Extracted entries |
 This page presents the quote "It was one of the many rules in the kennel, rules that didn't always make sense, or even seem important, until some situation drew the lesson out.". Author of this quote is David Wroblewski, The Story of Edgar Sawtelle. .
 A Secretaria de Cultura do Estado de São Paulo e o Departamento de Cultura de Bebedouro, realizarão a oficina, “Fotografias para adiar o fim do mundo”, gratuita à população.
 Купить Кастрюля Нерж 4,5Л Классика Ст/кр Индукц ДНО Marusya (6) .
---
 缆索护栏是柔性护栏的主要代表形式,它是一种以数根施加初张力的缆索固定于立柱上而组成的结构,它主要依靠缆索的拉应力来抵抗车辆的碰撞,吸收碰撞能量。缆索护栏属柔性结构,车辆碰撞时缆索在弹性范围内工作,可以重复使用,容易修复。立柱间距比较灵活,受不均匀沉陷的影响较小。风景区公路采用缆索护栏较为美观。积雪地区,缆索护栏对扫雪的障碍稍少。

What to produce |
Everything from the line with "A Secretaria de" through the line with "Купить Кастрюля Нерж" should be written out exactly as it appears above, end lines included, and nothing outside that range.

Task answer |
 A Secretaria de Cultura do Estado de São Paulo e o Departamento de Cultura de Bebedouro, realizarão a oficina, “Fotografias para adiar o fim do mundo”, gratuita à população.
 Купить Кастрюля Нерж 4,5Л Классика Ст/кр Индукц ДНО Marusya (6) .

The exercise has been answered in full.